Part 5: Building AI Agents

Lab guide: labs/part5-single-agents.md

What is an AI agent (vs. a raw LLM call)
The ChatAgent pattern and the Microsoft Agent Framework
System instructions, personas, and multi-turn conversations
Structured output (JSON) from agents

Code samples:

Language	File	Description
Python	`python/foundry-local-with-agf.py`	Single agent with Agent Framework
C#	`csharp/SingleAgent.cs`	Single agent (ChatAgent pattern)
JavaScript	`javascript/foundry-local-with-agent.mjs`	Single agent (ChatAgent pattern)

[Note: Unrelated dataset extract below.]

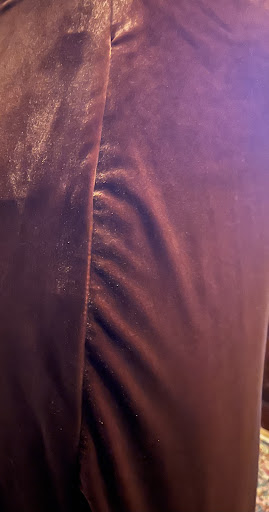 My sister is a seamstress, well known for her costume designs and alterations. She lives quite a distance away. I sent her a video and photos of the dress and asked if the alterations were done correctly. She confirmed my doubts. It was done wrong. So, now I'm going to drive up to see her so she can fix it. I just hope the velvet isn't ruined on the one side.
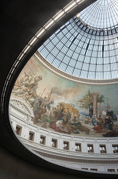 A few minutes from the Louvre, the Bourse de Commerce - Pinault Collection offers one of Paris’s cleverest transformations. Today it is a leading contemporary art museum. For much of its life, it was where the city worried about grain prices, traded commodities and quietly made fortunes. Paris has always known how to dress commerce well. The building began in the 18th century as the Halle au Blé, the grain exchange. At a time when bread shortages could shake governments, this was serious territory. The first dome was considered bold engineering, then burned in 1802. Paris responded by rebuilding it with iron and copper, decades before the Eiffel Tower made metal fashionable. Step inside now and the drama begins instantly. Above you stretches a vast painted cupola from the 19th century, filled with allegories of world trade, ships, distant ports and grand optimism. Then comes the masterstroke: Tadao Ando inserted a monumental concrete cylinder into the center of the historic rotunda. Frescoes above, smooth raw concrete below. It sounds improbable. It looks magnificent. The atmosphere is calm, spacious and quietly confident. Galleries curve around the circular plan, creating shifting views and elegant surprises. One moment you are facing a provocative artwork, the next you are standing in a former exchange hall beneath murals celebrating capitalism. Few museum visits cover so much ground so gracefully. Even lunch keeps the story going. The restaurant, Halle aux Grains, nods to the building’s wheat trading past while serving cuisine under one of the finest domes in Paris.

Part 6: Multi-Agent Workflows

Lab guide: labs/part6-multi-agent-workflows.md

Multi-agent pipelines: Researcher → Writer → Editor
Sequential orchestration and feedback loops
Shared configuration and structured hand-offs
Designing your own multi-agent workflow

Code samples:

Language	File	Description
Python	`python/foundry-local-multi-agent.py`	Three-agent pipeline
C#	`csharp/MultiAgent.cs`	Three-agent pipeline
JavaScript	`javascript/foundry-local-multi-agent.mjs`	Three-agent pipeline

Part 7: Zava Creative Writer - Capstone Application

Lab guide: labs/part7-zava-creative-writer.md

A production-style multi-agent app with 4 specialised agents
Sequential pipeline with evaluator-driven feedback loops
Streaming output, product catalog search, structured JSON hand-offs
Full implementation in Python (FastAPI), JavaScript (Node.js CLI), and C# (.NET console)

Code samples:

Language	Directory	Description
Python	`zava-creative-writer-local/src/api/`	FastAPI web service with orchestrator
JavaScript	`zava-creative-writer-local/src/javascript/`	Node.js CLI application
C#	`zava-creative-writer-local/src/csharp/`	.NET 9 console application

Part 8: Evaluation-Led Development

Lab guide: labs/part8-evaluation-led-development.md

Build a systematic evaluation framework for AI agents using golden datasets
Rule-based checks (length, keyword coverage, forbidden terms) + LLM-as-judge scoring
Side-by-side comparison of prompt variants with aggregate scorecards
Extends the Zava Editor agent pattern from Part 7 into an offline test suite
Python, JavaScript, and C# tracks

Code samples:

Language	File	Description
Python	`python/foundry-local-eval.py`	Evaluation framework
C#	`csharp/AgentEvaluation.cs`	Evaluation framework
JavaScript	`javascript/foundry-local-eval.mjs`	Evaluation framework

Part 9: Voice Transcription with Whisper

Lab guide: labs/part9-whisper-voice-transcription.md

Speech-to-text transcription using OpenAI Whisper running locally
Privacy-first audio processing - audio never leaves your device
Python, JavaScript, and C# tracks with client.audio.transcriptions.create() (Python/JS) and AudioClient.TranscribeAudioAsync() (C#)
Includes Zava-themed sample audio files for hands-on practice

Code samples:

Language	File	Description
Python	`python/foundry-local-whisper.py`	Whisper voice transcription
C#	`csharp/WhisperTranscription.cs`	Whisper voice transcription
JavaScript	`javascript/foundry-local-whisper.mjs`	Whisper voice transcription

Note: This lab uses the Foundry Local SDK to programmatically download and load the Whisper model, then sends audio to the local OpenAI-compatible endpoint for transcription. The Whisper model (whisper) is listed in the Foundry Local catalog and runs entirely on-device - no cloud API keys or network access required.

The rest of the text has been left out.